1. $ 4(3x + 7) = 64 + 4x $



Step 1: Distribute the 4 on the left side:
$$
4 \cdot 3x + 4 \cdot 7 = 12x + 28
$$
So:
$$
12x + 28 = 64 + 4x
$$

Step 2: Subtract $4x$ from both sides:
$$
12x - 4x + 28 = 64
\Rightarrow 8x + 28 = 64
$$

Step 3: Subtract 28 from both sides:
$$
8x = 64 - 28 = 36
$$

Step 4: Divide by 8:
$$
x = \frac{36}{8} = \frac{9}{2} = 4.5
$$

Answer: $ x = \frac{9}{2} $ or $ 4.5 $

---

2. $ 16 = -4(2x - 5) $



Step 1: Distribute the $-4$:
$$
16 = -4 \cdot 2x + (-4) \cdot (-5) = -8x + 20
$$

Step 2: Subtract 20 from both sides:
$$
16 - 20 = -8x \Rightarrow -4 = -8x
$$

Step 3: Divide by $-8$:
$$
x = \frac{-4}{-8} = \frac{1}{2}
$$

Answer: $ x = \frac{1}{2} $

---

3. $ -8(6 + 5x) = 3x - 5 $



Step 1: Distribute the $-8$:
$$
-8 \cdot 6 + (-8) \cdot 5x = -48 - 40x
$$
So:
$$
-48 - 40x = 3x - 5
$$

Step 2: Add $40x$ to both sides:
$$
-48 = 43x - 5
$$

Step 3: Add 5 to both sides:
$$
-43 = 43x
$$

Step 4: Divide by 43:
$$
x = \frac{-43}{43} = -1
$$

Answer: $ x = -1 $

---

4. $ 33 = -3(1 + 4x) $



Step 1: Distribute the $-3$:
$$
33 = -3 \cdot 1 + (-3) \cdot 4x = -3 - 12x
$$

Step 2: Add $12x$ to both sides:
$$
33 + 12x = -3
$$

Step 3: Subtract 33 from both sides:
$$
12x = -3 - 33 = -36
$$

Step 4: Divide by 12:
$$
x = \frac{-36}{12} = -3
$$

Answer: $ x = -3 $

---

5. $ \frac{4x - 2}{5} = 0.4 $



Step 1: Multiply both sides by 5 to eliminate denominator:
$$
4x - 2 = 0.4 \cdot 5 = 2
$$

Step 2: Add 2 to both sides:
$$
4x = 2 + 2 = 4
$$

Step 3: Divide by 4:
$$
x = \frac{4}{4} = 1
$$

Answer: $ x = 1 $

---

6. $ \frac{2}{3}x - 6 = \frac{1}{3}x + 3 $



Step 1: Subtract $ \frac{1}{3}x $ from both sides:
$$
\left(\frac{2}{3}x - \frac{1}{3}x\right) - 6 = 3 \Rightarrow \frac{1}{3}x - 6 = 3
$$

Step 2: Add 6 to both sides:
$$
\frac{1}{3}x = 3 + 6 = 9
$$

Step 3: Multiply both sides by 3:
$$
x = 9 \cdot 3 = 27
$$

Answer: $ x = 27 $

---

7. Find the mistake and correct it:


$$
\frac{1}{4}(12x - 16) = 2x
$$

Incorrect solution (assumed):
If someone incorrectly distributes:
$$
\frac{1}{4} \cdot 12x = 3x,\quad \frac{1}{4} \cdot (-16) = -4
\Rightarrow 3x - 4 = 2x
$$
Then subtract $2x$: $x - 4 = 0$, so $x = 4$

But wait — that’s actually correct!

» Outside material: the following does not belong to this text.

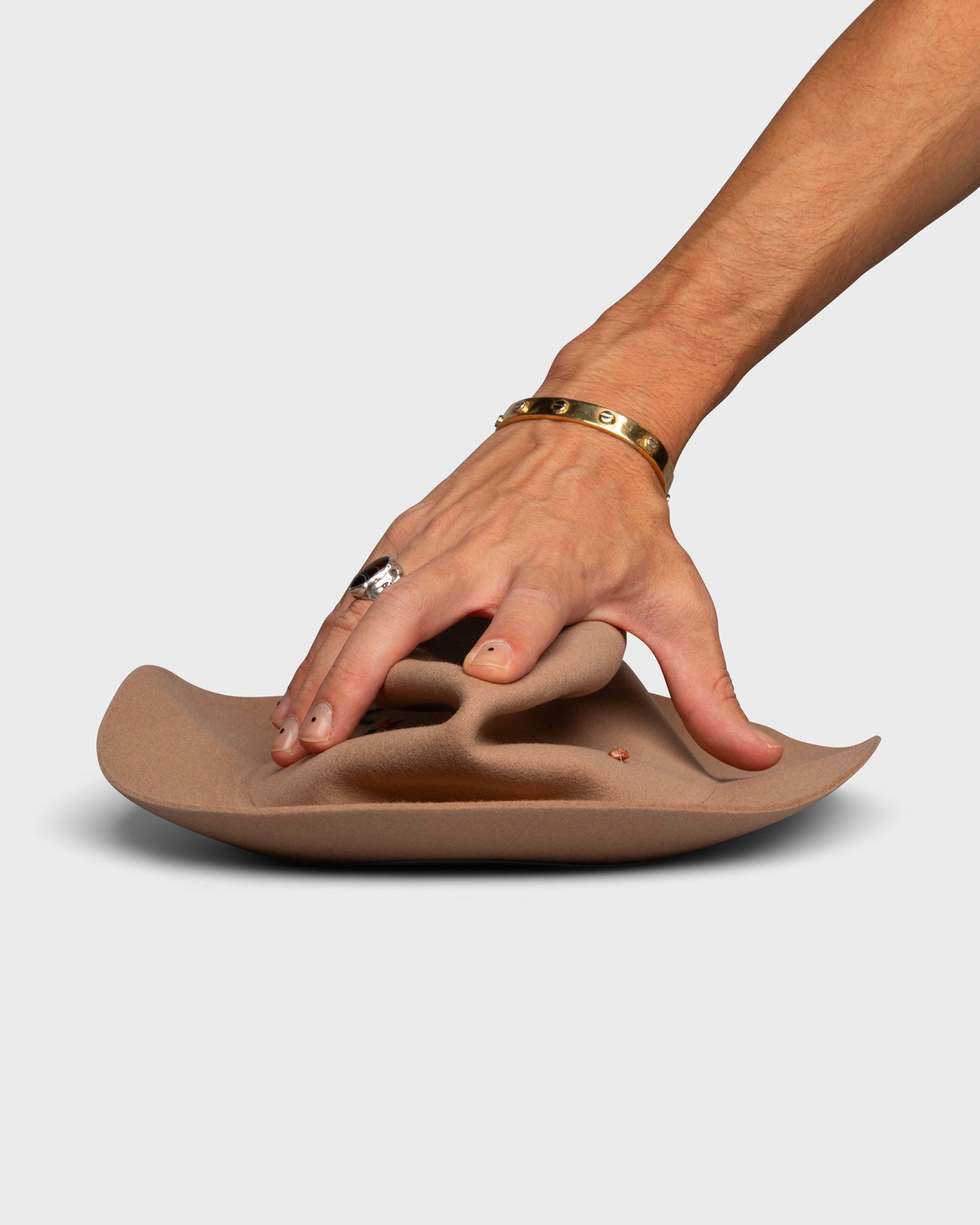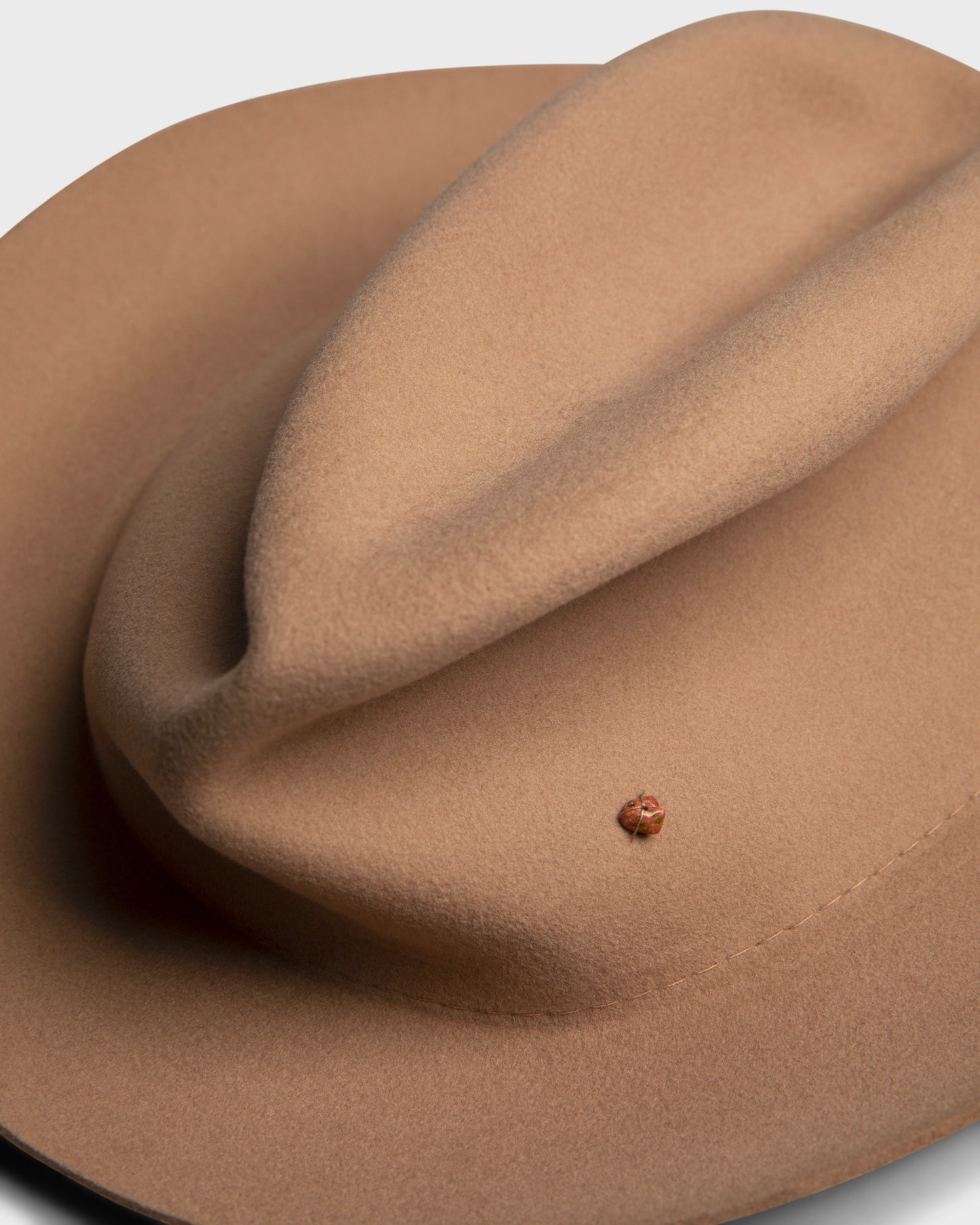 HOBO is our iconic travel hat, designed to move effortlessly with you. Crafted in felt and finished in a soft sand color, it features a clean silhouette with a 5 cm brim, striking the perfect balance between practicality and timeless style.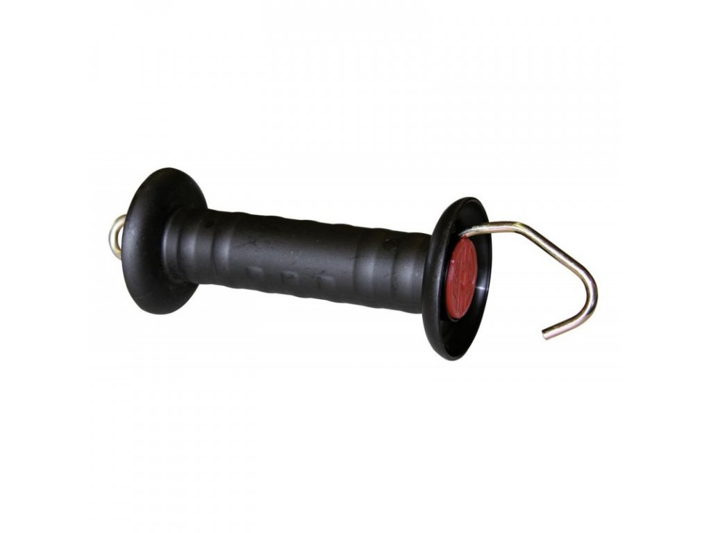Rukojeť ohradníkové brány pro elektrické ohradníky. Kovový háček umožňuje univerzální připojení na rolovací či pružinový systém.

Let's check:

$$
\frac{1}{4}(12x - 16) = 2x \\
\Rightarrow 3x - 4 = 2x \\
\Rightarrow x = 4
$$

Now verify:
Left: $ \frac{1}{4}(12(4) - 16) = \frac{1}{4}(48 - 16) = \frac{32}{4} = 8 $
Right: $ 2(4) = 8 $

So the equation is correct, but maybe the student didn't show steps?

Wait — the problem says “Find the mistake and correct it.” But there's no visible mistake in the equation itself. Perhaps a common mistake is not distributing correctly, such as:

Mistake: $ \frac{1}{4}(12x - 16) = 3x - 16 $ → wrong!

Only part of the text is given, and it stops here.